▶ [Work required]: Taking the data below, please print only the lines from the line holding "ออมสิน ส่งเสริมการออมกลุ่มฐานราก ออก" to the line holding "ได้รับรายละ 3 แสนบาท", inclusive, with pictures omitted.

▶ [Data records]:
•••••

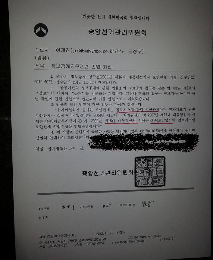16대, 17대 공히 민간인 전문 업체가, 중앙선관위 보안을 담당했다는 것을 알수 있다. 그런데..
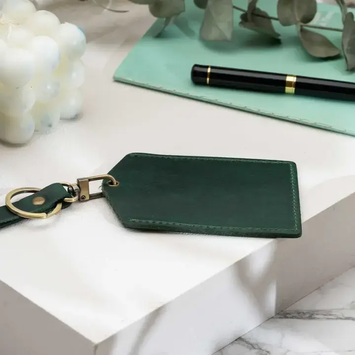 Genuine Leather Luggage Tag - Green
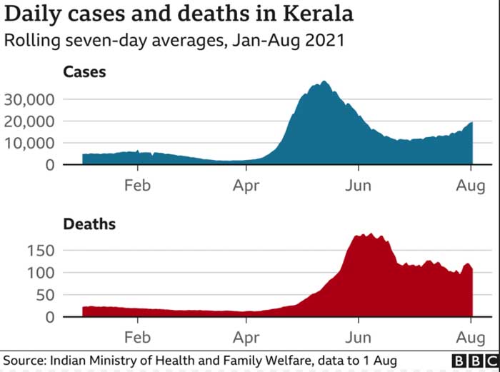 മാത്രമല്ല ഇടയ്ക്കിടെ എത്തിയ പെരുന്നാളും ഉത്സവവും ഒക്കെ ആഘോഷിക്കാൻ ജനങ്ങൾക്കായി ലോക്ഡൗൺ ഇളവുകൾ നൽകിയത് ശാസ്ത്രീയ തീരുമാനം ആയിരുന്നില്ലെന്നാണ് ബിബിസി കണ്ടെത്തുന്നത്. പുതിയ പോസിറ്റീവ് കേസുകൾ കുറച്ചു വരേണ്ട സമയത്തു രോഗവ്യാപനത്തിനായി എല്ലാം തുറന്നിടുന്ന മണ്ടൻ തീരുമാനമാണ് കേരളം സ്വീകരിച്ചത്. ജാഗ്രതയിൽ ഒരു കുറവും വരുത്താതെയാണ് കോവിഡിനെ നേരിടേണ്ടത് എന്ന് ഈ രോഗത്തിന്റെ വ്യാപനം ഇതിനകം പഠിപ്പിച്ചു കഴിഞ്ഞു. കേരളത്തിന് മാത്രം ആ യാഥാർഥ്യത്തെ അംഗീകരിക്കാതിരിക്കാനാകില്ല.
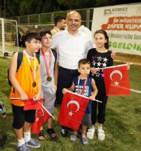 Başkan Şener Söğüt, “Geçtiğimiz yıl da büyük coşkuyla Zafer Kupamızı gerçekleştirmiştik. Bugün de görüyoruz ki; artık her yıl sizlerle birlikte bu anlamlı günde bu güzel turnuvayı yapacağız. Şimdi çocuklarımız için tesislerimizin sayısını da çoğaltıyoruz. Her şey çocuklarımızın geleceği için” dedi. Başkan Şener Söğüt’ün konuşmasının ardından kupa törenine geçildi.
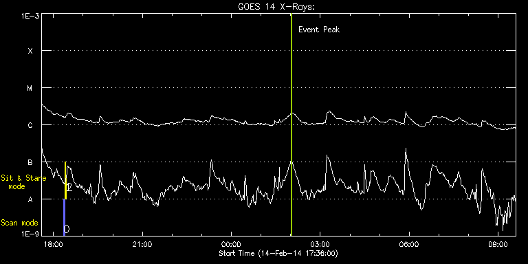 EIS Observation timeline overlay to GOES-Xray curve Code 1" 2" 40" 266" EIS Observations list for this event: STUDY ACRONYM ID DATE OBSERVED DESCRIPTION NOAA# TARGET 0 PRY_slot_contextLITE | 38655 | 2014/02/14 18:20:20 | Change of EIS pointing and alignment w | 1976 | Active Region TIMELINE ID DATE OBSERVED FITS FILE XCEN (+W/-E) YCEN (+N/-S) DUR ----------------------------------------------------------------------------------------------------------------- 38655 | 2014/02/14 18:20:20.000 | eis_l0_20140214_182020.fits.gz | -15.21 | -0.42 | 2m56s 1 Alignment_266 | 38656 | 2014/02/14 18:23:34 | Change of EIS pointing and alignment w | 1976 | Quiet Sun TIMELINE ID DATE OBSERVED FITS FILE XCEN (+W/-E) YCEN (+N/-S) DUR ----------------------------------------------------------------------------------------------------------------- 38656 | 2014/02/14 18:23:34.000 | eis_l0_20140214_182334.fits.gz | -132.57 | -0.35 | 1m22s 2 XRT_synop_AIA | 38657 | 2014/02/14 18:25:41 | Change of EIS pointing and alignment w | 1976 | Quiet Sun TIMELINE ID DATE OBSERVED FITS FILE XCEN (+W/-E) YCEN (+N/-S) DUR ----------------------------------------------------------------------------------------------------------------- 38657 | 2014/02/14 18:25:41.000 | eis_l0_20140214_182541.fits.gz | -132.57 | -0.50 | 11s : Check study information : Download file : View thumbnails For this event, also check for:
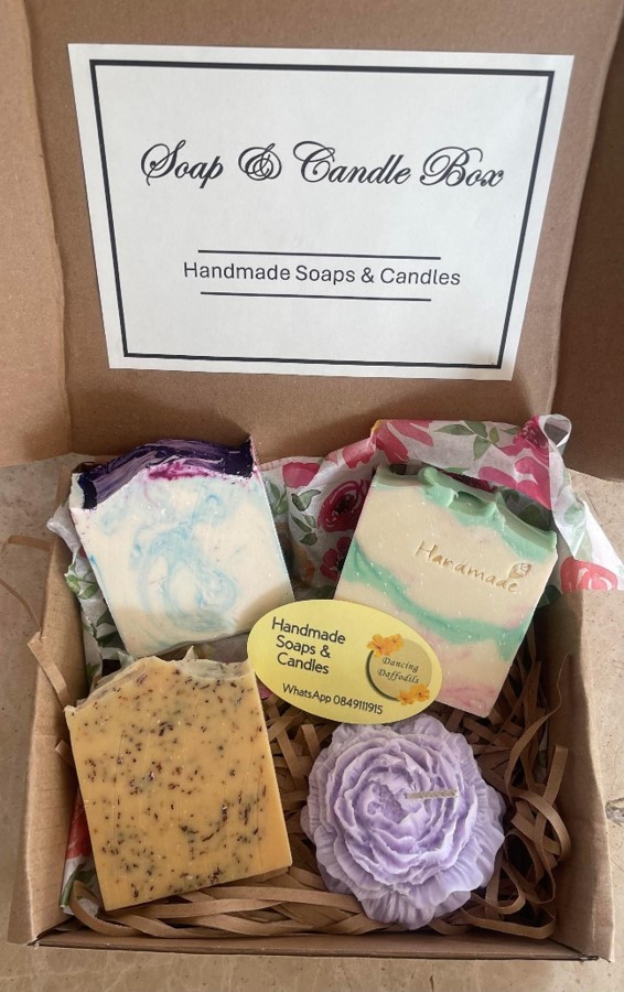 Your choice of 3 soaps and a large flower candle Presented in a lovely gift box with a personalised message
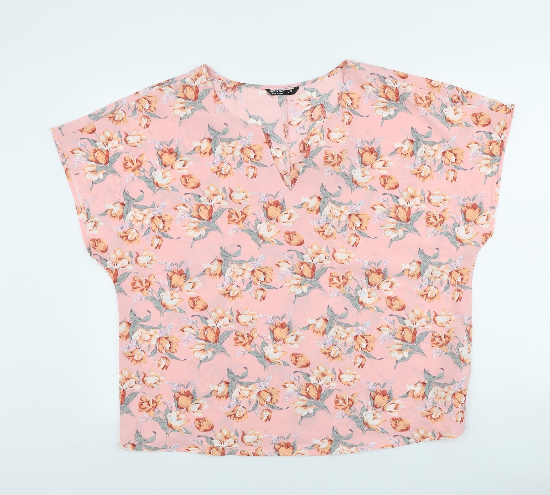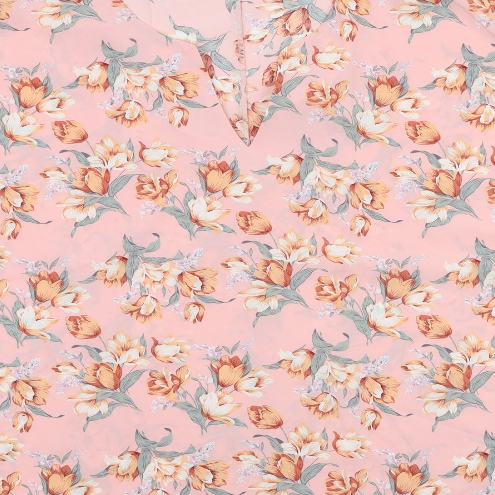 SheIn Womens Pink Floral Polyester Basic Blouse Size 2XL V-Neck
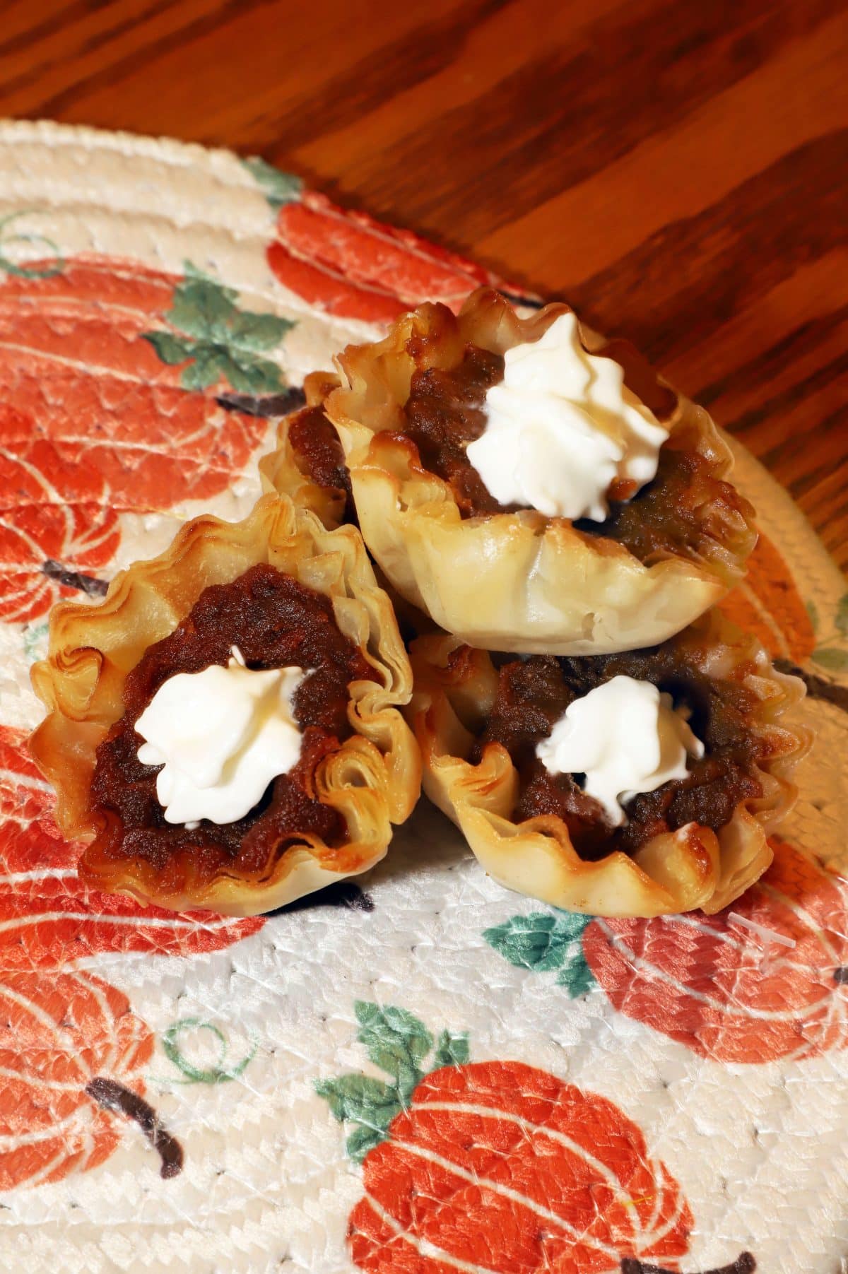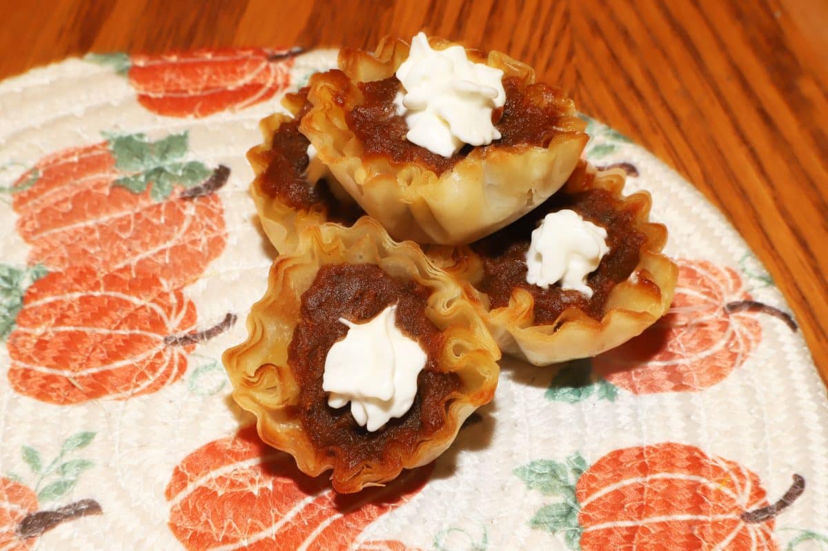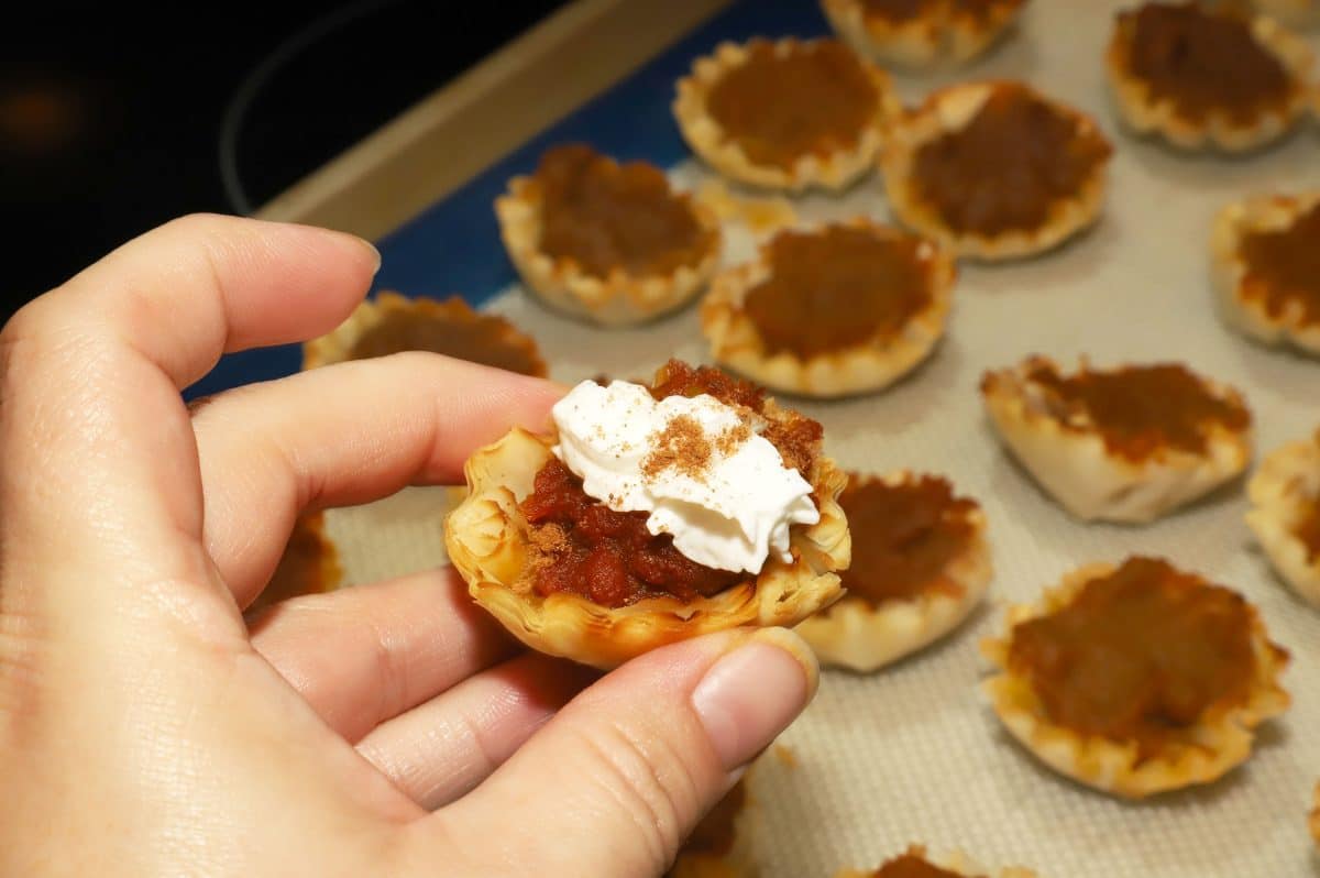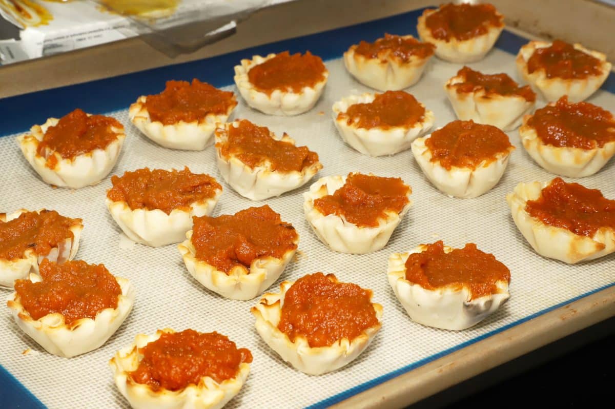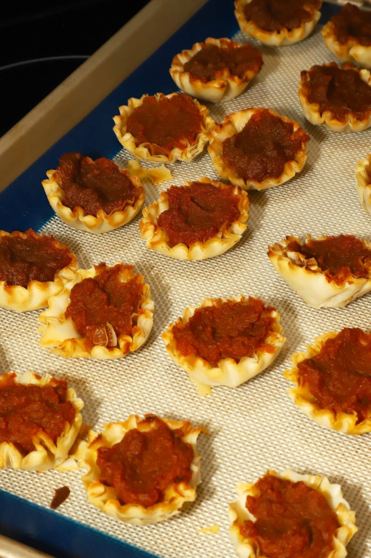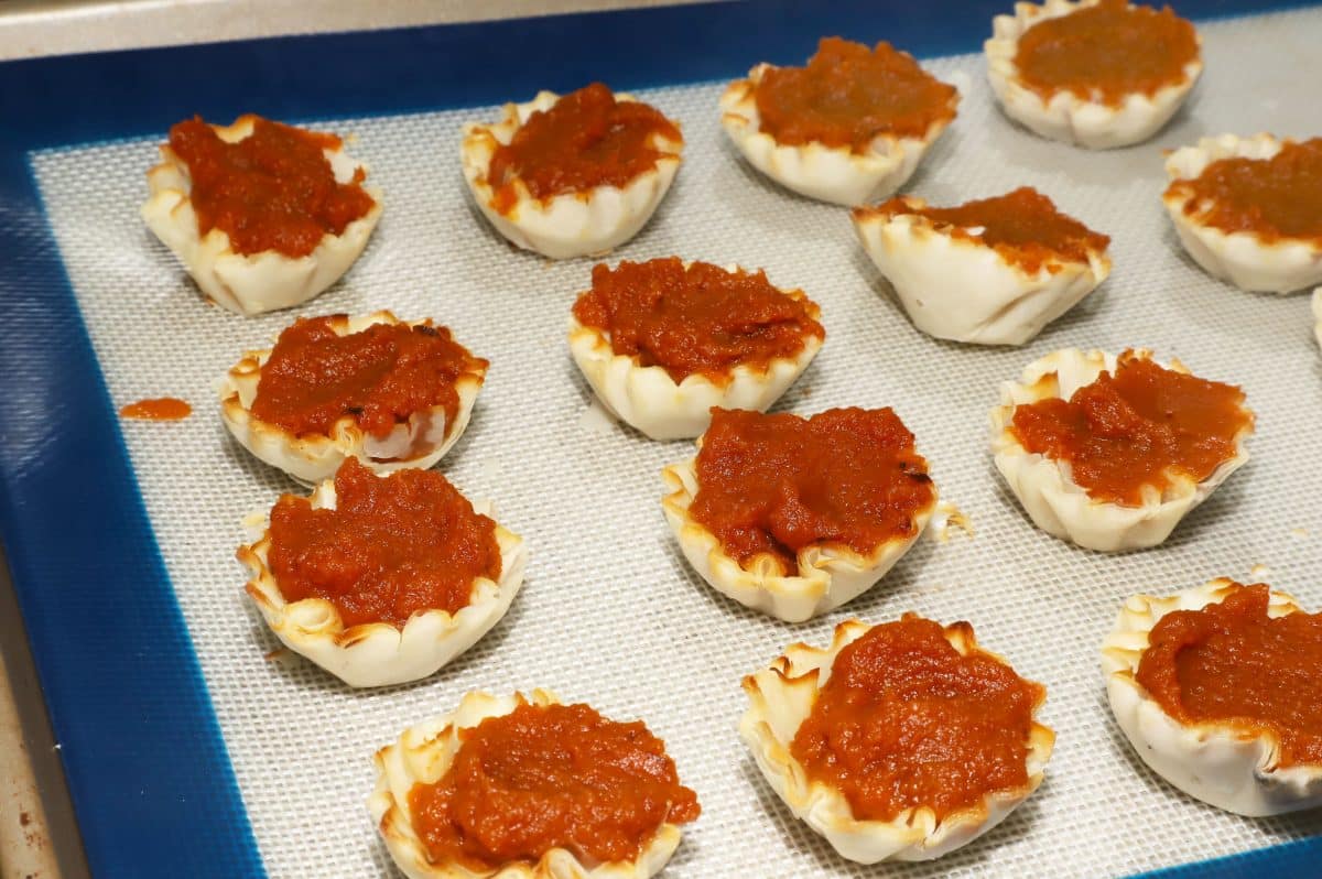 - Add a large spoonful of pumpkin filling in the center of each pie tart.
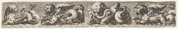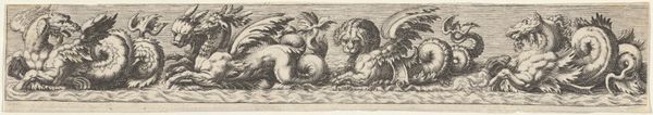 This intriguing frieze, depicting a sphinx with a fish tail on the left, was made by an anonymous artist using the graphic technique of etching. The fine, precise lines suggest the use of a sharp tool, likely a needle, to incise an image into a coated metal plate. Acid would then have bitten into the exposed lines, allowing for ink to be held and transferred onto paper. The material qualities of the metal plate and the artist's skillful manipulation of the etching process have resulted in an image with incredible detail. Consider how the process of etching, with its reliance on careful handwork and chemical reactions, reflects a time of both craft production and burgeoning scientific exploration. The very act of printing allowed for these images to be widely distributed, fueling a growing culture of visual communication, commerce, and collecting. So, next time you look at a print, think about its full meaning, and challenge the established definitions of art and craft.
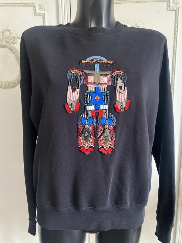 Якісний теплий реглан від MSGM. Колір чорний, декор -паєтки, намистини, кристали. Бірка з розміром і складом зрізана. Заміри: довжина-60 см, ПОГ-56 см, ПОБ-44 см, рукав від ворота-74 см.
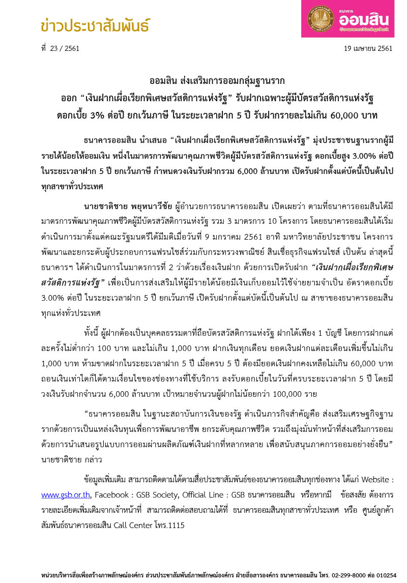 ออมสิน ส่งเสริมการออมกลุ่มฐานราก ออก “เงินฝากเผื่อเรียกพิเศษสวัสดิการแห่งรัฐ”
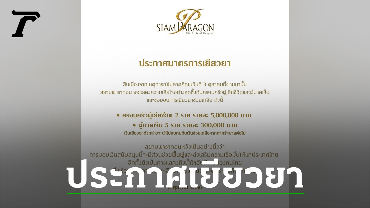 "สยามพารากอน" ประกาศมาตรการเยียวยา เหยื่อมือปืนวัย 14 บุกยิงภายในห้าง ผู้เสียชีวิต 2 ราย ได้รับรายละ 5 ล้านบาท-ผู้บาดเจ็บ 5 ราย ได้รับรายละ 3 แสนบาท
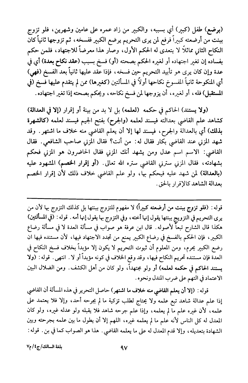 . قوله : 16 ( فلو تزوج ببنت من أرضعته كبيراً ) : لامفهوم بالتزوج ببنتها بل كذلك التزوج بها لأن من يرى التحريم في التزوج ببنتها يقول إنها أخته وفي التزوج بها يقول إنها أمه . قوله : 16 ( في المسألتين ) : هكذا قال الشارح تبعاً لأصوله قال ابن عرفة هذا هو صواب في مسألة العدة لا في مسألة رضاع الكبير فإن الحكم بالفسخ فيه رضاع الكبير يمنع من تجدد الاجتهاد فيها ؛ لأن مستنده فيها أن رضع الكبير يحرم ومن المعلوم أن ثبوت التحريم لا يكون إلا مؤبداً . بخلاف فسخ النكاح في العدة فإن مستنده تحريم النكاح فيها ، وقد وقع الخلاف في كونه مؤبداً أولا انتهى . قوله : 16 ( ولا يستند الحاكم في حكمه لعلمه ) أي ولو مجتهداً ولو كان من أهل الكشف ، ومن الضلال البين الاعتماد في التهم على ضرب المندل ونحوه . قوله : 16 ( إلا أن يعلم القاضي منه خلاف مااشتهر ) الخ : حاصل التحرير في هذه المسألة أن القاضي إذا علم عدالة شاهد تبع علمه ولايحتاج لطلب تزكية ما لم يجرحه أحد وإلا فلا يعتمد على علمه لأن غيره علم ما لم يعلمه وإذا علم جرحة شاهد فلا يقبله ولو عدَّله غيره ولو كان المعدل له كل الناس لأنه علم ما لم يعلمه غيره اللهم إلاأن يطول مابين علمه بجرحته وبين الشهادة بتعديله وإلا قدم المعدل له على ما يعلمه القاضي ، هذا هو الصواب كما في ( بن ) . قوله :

•••••

▶ [Result for this exercise]:
 ออมสิน ส่งเสริมการออมกลุ่มฐานราก ออก “เงินฝากเผื่อเรียกพิเศษสวัสดิการแห่งรัฐ”
 "สยามพารากอน" ประกาศมาตรการเยียวยา เหยื่อมือปืนวัย 14 บุกยิงภายในห้าง ผู้เสียชีวิต 2 ราย ได้รับรายละ 5 ล้านบาท-ผู้บาดเจ็บ 5 ราย ได้รับรายละ 3 แสนบาท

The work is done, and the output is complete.